CSE675: Stochastic Simulation and Inference

                           Instructor: Wen Dong (UBIT: wendong)

                                             Abstract

An emerging application for the stochastic process is analyzing complex natural and social systems using data collected from sensor networks and the World Wide Web that tracks the temporal evolution of those systems. By applying the stochastic process to data, we can improve commuter traffic, tune organizational efficiency, and control the spread of epidemics. In this course, we will learn how to construct and simulate the Markov processes that are the common abstractions of many dynamic systems, and learn the mathematical properties of these processes. Overall, this hands-on course trains students to apply stochastic-process thinking to the temporal dynamics of complex systems, as captured by data.

Course Outline

The stochastic process is a language for studying the statistics of how systems with randomness evolve over time. This process has found application in statistical mechanics, systems biology, finance, and artificial intelligence – to name only a few examples. However, an emerging application for the stochastic process is analyzing complex natural and social systems using the data collected from sensor networks and the World Wide Web. By applying the stochastic process to data, we can do things from improving commuter traffic and tuning organizational efficiency to controlling the spread of epidemics.

This hands-on course trains students to apply stochastic-process thinking to the temporal dynamics of complex systems, and emphasizes the value of this kind of thinking. The stochastic process is a wide topic that has developed for more than a century in math and applied fields, so we will confine our math to the undergraduate non-math-major level but keep our simulation and inference algorithms parallel to the corresponding proofs that our mathematics colleagues are familiar with. We will learn how to construct and simulate the Markov processes that are the common abstractions of many dynamic systems, and learn the mathematical properties of these processes.
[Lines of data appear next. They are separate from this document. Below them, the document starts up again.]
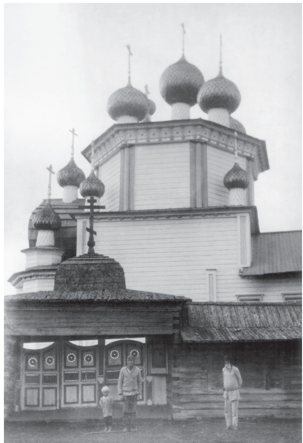
Богоявленская церковь и ограда Лядинского погоста. Фото начала XX в.

Лядинские храмы, несмотря на все потрясения XX в., сохранились. Поэтому существует достаточное количество описаний архитектурных особенностей этих церквей. Главный храм Лядинского погоста – летняя шатровая Покровская церковь – относится к редкому в деревянном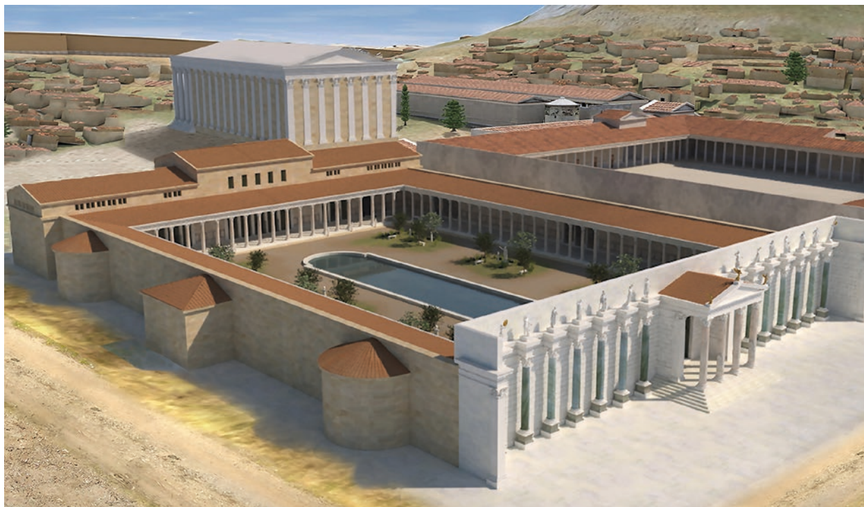
Φωτορεαλιστική απεικόνιση της Βιβλιοθήκης του Αδριανού από τα βορειοδυτικά (αναπαράσταση: Δ. Τσαλκάνης, Χ. Κανελλόπουλος, Λ. Τσατσαρώνη).

Το ρωμαϊκό Περιστύλιο, νότια του περιβόλου του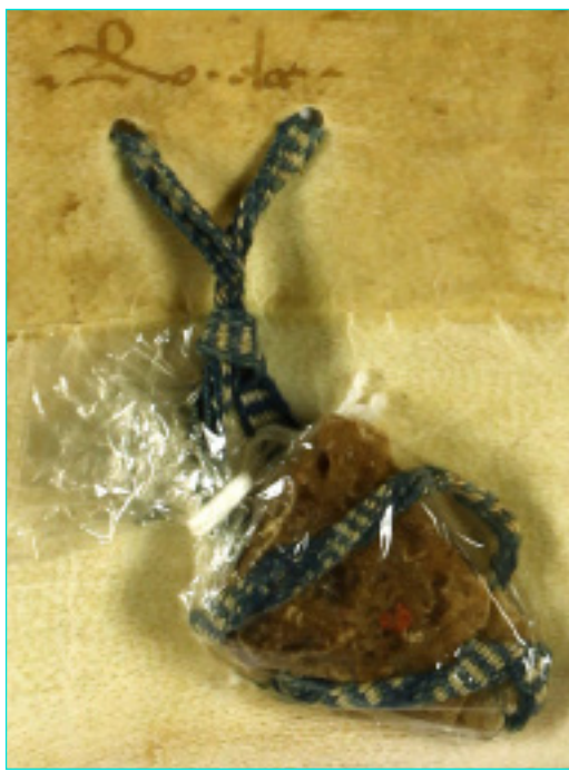
Figura 17 Selo de D. Afonso V (1450). AML, Chancelaria Régia, Livro 2º de D. Duarte e D. Afonso V, doc. 30.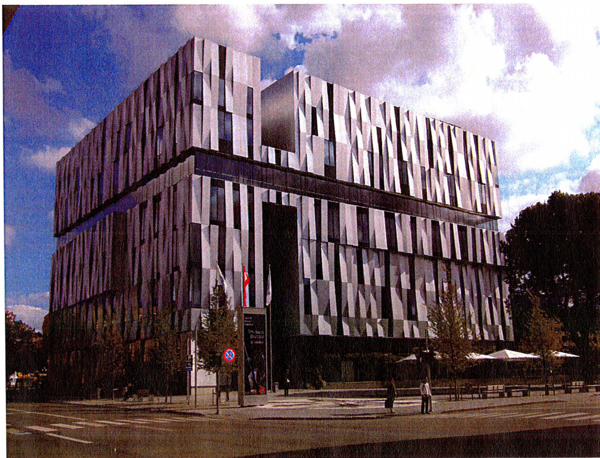
Uppsala konsert- och kongresshus. Arkitekt: Henning Larsen Tegnestue / Johnny Svendborg.

Under senare år har begreppet märkesbyggnad blivit allt vanligare. En märkesbyggnad kan vara en låg eller hög byggnad. Men den ska gärna i positivt bemärkelse vara karaktärsskapande. I denna rapport lyfts framför allt högre märkesbyggnader fram. Dessa utgör en del av stadens silhuett, har unika funktioner och mycket hög arkitektonisk kvalitet. De har en genomtänkt placering med intilliggande platsbildningar och är ofta en del av stadens varumärke.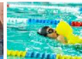
L'activité escalade en voie L'activité sauvetage sportif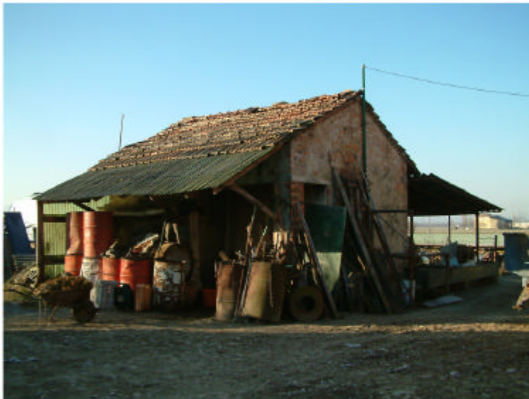
9. Edificio 2. Fronti est e nord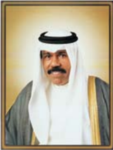
سمو الشيخ نواف الأحمد الجابر الصباح ولي عهد دولة الكويت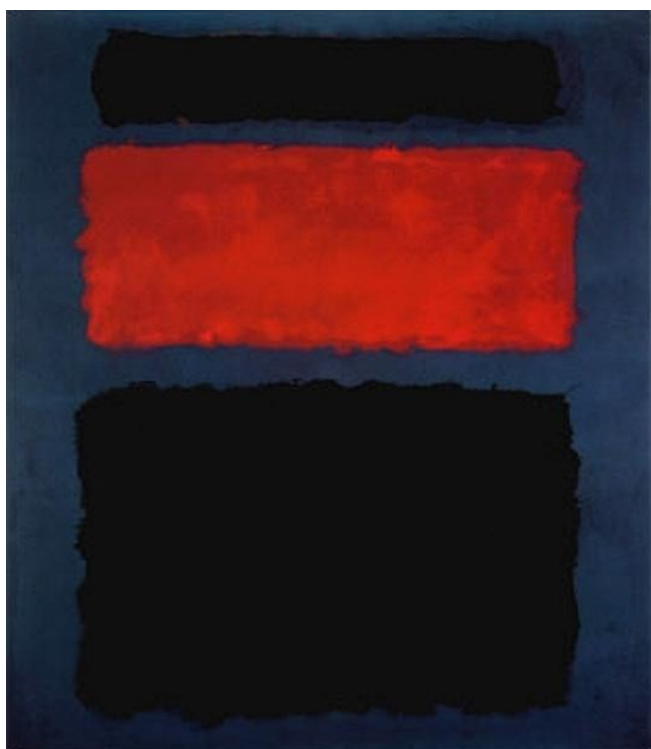
Untitled, Rothko (1960)

Modernes (le droit, le religieux, le politique, l'économique, l'organisationnel, etc.) coïncident finalement avec les modes d'existence est sans doute inévitable mais me fait problème : le projet ne bouscule finalement pas les frontières. Malgré ce qu'il en dit, affirmant que ces frontières des domaines ne tiennent pas (il y a du droit dans l'économie, du politique dans la science, etc.), il les renforce in fine paradoxalement en ajoutant simplement des modes d'existence transverses, si l'on peut dire, comme l'habitude. Autrement dit, une fois une meilleure connaissance établie, tout semble rester en l'état en pratique, à l'exception de la politique. Mais cette meilleure connaissance, à la différence de ce qui se passe chez Wittgenstein, ne semble pas même permettre d'éviter des erreurs. À l'exception du politique, encore une fois, qui, lui, appelle un changement. La difficulté gît en partie d'ailleurs dans le dispositif d'écriture du livre, particulièrement complexe. Il y a un « je », pas très fréquent mais réel, dont on peut penser qu'il représente Bruno Latour ; il y a un être de fiction, une ethnologue, qui mène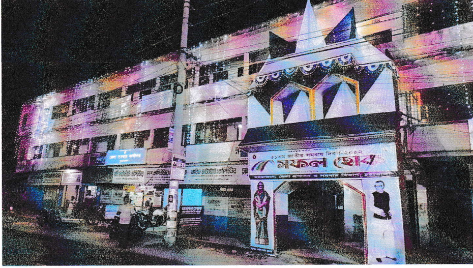
জেলা সমবায় কার্যালয়,চুয়াডাঙ্গা কর্তৃক ৫১তম জাতীয় সমবায় দিবস উপলক্ষে আলোকসজ্জা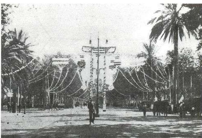
El Real de la Feria en los años 20.

Con cuatro palos y dos trozos de tela -tal cual- se montaban antaño aquellas casetas históricas que han dado paso a las actuales, perfectamente diseñadas, climatizadas en muchos casos y con todas las comodidades para el feriante de a pie.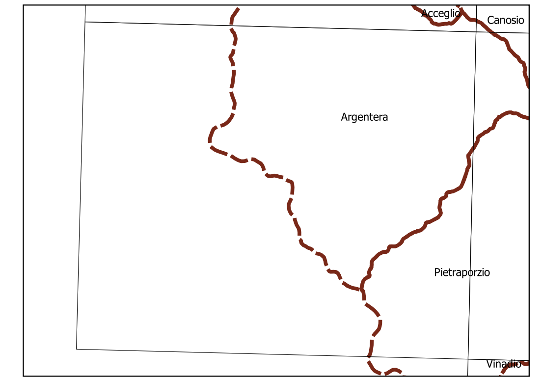
Inquadramento secondo la Carta Tecnica Regionale: Tavola 224 NE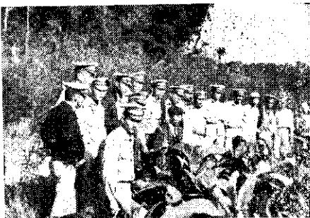
員林農校學生參觀農場

秧田的益處，特利用上課時間指導五年乙班學生實習。古人說：「流汗播種，歡呼收穫」。故欲使水稻產量提高，必須育成健全秧苗。(翁文秀)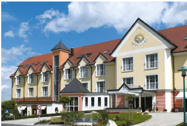
Imagen: Spa hotel Lutzmannsburg

Desde el punto de vista estético, existen edificios más o menos atractivos con o sin SATE instalado. De un tiempo a esta parte, han ido apareciendo nuevos perfiles estéticos para la fachada de EPS como relieves en cercos de ventanas y puertas, alféizares, perfiles de imposta, cornisas y arcos, así como otros elementos decorativos. Con ellos ya es posible incorporar elementos de diseño arquitectónico a la fachada. Ya nada se interpone en lograr el deseado objetivo de lograr unas nuevas casas atractivas o unos agradables edificios restaurados.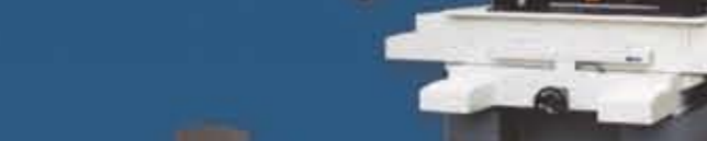
Hilo de molibdeno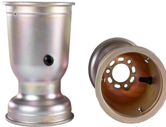
OPZIONAL WHELL SK1 (OPTIONAL)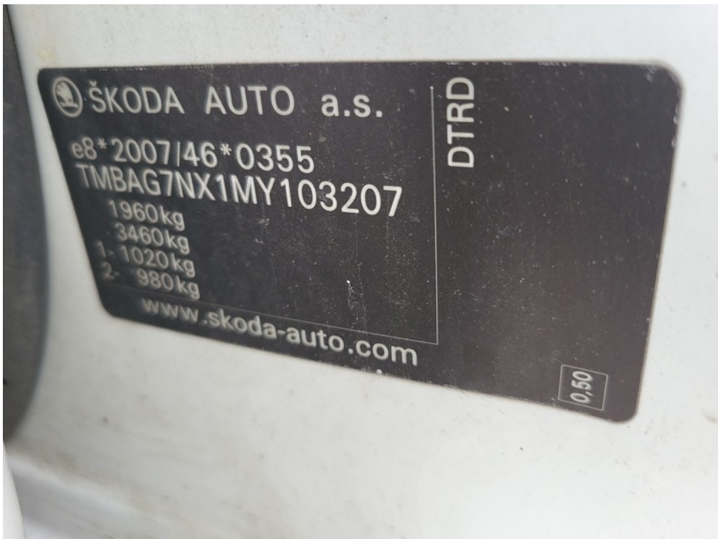
VIN / výrobní štítek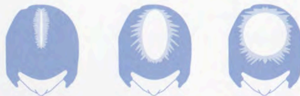
Etapas en la alopecia femenina

Alopecia areata: afecta a hombres y mujeres de todas las edades, aunque más a los jóvenes. Los folículos afectados disminuyen su producción capilar, se vuelven muy pequeños y producen un cabello que apenas se ve. A veces se puede perder todo el cabello de la cabeza o la totalidad del vello corporal.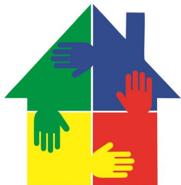
ВОООИ «ОБЪЕДИНЕНИЕ БОЛЬНЫХ САХАРНЫМ ДИАБЕТОМ»

We will also sample some of the most significant breakthroughs in the field in order to inspire students to build useful and innovative applications for complex systems and data. Ultimately, this course will explore the novel applications of stochastic processes for studying the dynamics of our social systems – as captured by textual and sensor data through Markov chain Monte Carlo, mean field approximation, and Gaussian process approximation.

Goals

By the end of this course, students should be able to do the following:
*      Simulate Markov processes and understand their properties
*      Use Markov processes to study the dynamics of complex systems
*      Make inferences about complex systems from data that tracks the temporal evolution of those systems with Markov processes.

Lecture Schedule

Part A: Simulation of Markov Processes
01 Introduction: examples, why we care, what we can do, review of probability theory
02 Simulating random variables from different probability distributions
03 Simulating Markov processes

Part B: Bayesian Inference of Markov Processes
04 Exact Inference: message passing and expectation maximization
05 MCMC: Gibbs sampler, Metropolis-Hastings algorithm, and hybrid MCMC schemes
06 Legendre-Fenchel transform, mean field approximation, Gaussian process approximation

Part C: Complex Systems as Markov Processes
07 The dynamics of network formation
08 Diffusion in social networks: voting process and contact process
09 Urban dynamics
10 Non-equilibrium statistical mechanics

Part D: Properties of Markov Processes
11 Markov chain: absorbing, regular and ergodic Markov chains, stopping time, strong Markov property
12 Random walks: first passage time distribution, stopping time and strong Markov property, Wald’s identity, strong law of large numbers
13 Queuing process
14-15 Research paper presentations: poster or talk

Assessment Overview

Assessment will be based on four problem sets (15% each) plus your final research paper (30%). Late submissions are worth only half credit. Each student is supposed to share with the class detailed notes of 1-2 lectures (10%).